On 19/01/2026 12:22, David Laight wrote:
> On Mon, 19 Jan 2026 10:52:59 +0000
> Mark Rutland <mark.rutland@arm.com> wrote:
> 
>> On Fri, Jan 02, 2026 at 01:11:51PM +0000, Ryan Roberts wrote:
>>> Hi All,  
>>
>> Hi Ryan,
>>
>>> As I reported at [1], kstack offset randomisation suffers from a couple of bugs
>>> and, on arm64 at least, the performance is poor. This series attempts to fix
>>> both; patch 1 provides back-portable fixes for the functional bugs. Patches 2-3
>>> propose a performance improvement approach.
>>>
>>> I've looked at a few different options but ultimately decided that Jeremy's
>>> original prng approach is the fastest. I made the argument that this approach is
>>> secure "enough" in the RFC [2] and the responses indicated agreement.  
>>
>> FWIW, the series all looks good to me. I understand you're likely to
>> spin a v4 with a couple of minor tweaks (fixing typos and adding an
>> out-of-line wrapper for a prandom function), but I don't think there's
>> anything material that needs to change.
>>
>> I've given my Ack on all three patches. I've given the series a quick
>> boot test (atop v6.19-rc4) with a bunch of debug options enabled, and
>> all looks well.
>>
>> Kees, do you have any comments? It would be nice if we could queue this
>> up soon.
> 
> I don't want to stop this being queued up in its current form.
> But I don't see an obvious need for multiple per-cpu prng
> (there are a couple of others lurking), surely one will do.
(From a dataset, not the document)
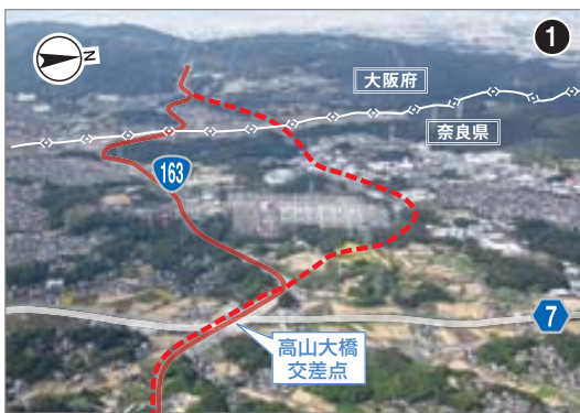
高山大橋交差点付近より清滝生駒トンネル方面を望む (平成27年10月撮影)

I see 2 other per-cpu prngs; one for BPF and one for the scheduler. The state is
16 bytes per prng, per cpu. So personally I think the maintainability advantages
of keeping them separate to their respective subsystems wins out vs the memory
cost in this particular case?

> 
> How much overhead does the get_cpu_var() add?
> I think it has to disable pre-emption (or interrupts) which might
> be more expensive on non-x86 (which can just do 'inc %gs:address').
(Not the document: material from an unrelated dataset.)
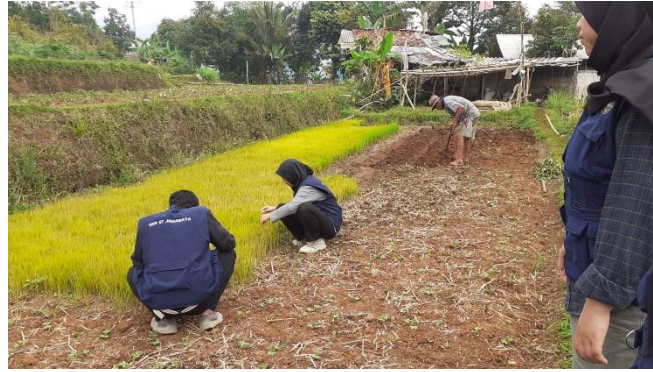
Gambar 2. Penanaman Padi

The RFC used a per-task prng, then v2 switched to per-cpu. Performance numbers
can be compared from those 2 for arm64 only (the x86 numbers are from different
systems in the 2 version):

RFC: https://lore.kernel.org/all/20251127105958.2427758-3-ryan.roberts@arm.com/
v2: https://lore.kernel.org/all/20251215163520.1144179-4-ryan.roberts@arm.com/

+-----------------+--------------+---------------+---------------+
| Benchmark       | Result Class | per-task-prng |  per-cpu-prng |
|                 |              |         arm64 |         arm64 |
+=================+==============+===============+===============+
| syscall/getpid  | mean (ns)    |   (I) -10.54% |    (I) -9.50% |
|                 | p99 (ns)     |   (I) -59.53% |   (I) -59.24% |
|                 | p99.9 (ns)   |   (I) -59.90% |   (I) -59.52% |
+-----------------+--------------+---------------+---------------+
| syscall/getppid | mean (ns)    |   (I) -10.49% |    (I) -9.52% |
|                 | p99 (ns)     |   (I) -59.83% |   (I) -59.25% |
|                 | p99.9 (ns)   |   (I) -59.88% |   (I) -59.50% |
+-----------------+--------------+---------------+---------------+
| syscall/invalid | mean (ns)    |    (I) -9.28% |   (I) -10.31% |
|                 | p99 (ns)     |   (I) -61.06% |   (I) -60.79% |
|                 | p99.9 (ns)   |   (I) -61.40% |   (I) -61.04% |
+-----------------+--------------+---------------+---------------+

So getpid and getppid are a small amount better with per-task. invalid is a
small amount better with per-cpu. I decided that it's likely mostly noise and
per-cpu is therefore preferable since it costs (a bit) less memory.

> 
> I'm sure I remember a version that used a per-task prng.

Yes; as per above.

> That just needs 'current' - which might be known and/or be cheaper
> to get.
> (Although I also remember a reference some system where it was slow...)
> 
> The other option is just to play 'fast and loose' with the prng data.
> Using the state from the 'wrong cpu' (if the code is pre-empted) won't
> really matter.
> You might get a RrwW (or even RrwrwW) sequence, but the prng won't be used
> for anything 'really important' so it shouldn't matter.

As per above, I'm not really seeing much performance cost.

My opinion is that this series represents an improvement over what's already
there. I'd be happy to review an additional series to merge per-cpu prngs, but I
don't think that should be a prerequisite for getting this series merged.

Thanks,
Ryan

> 
> 	David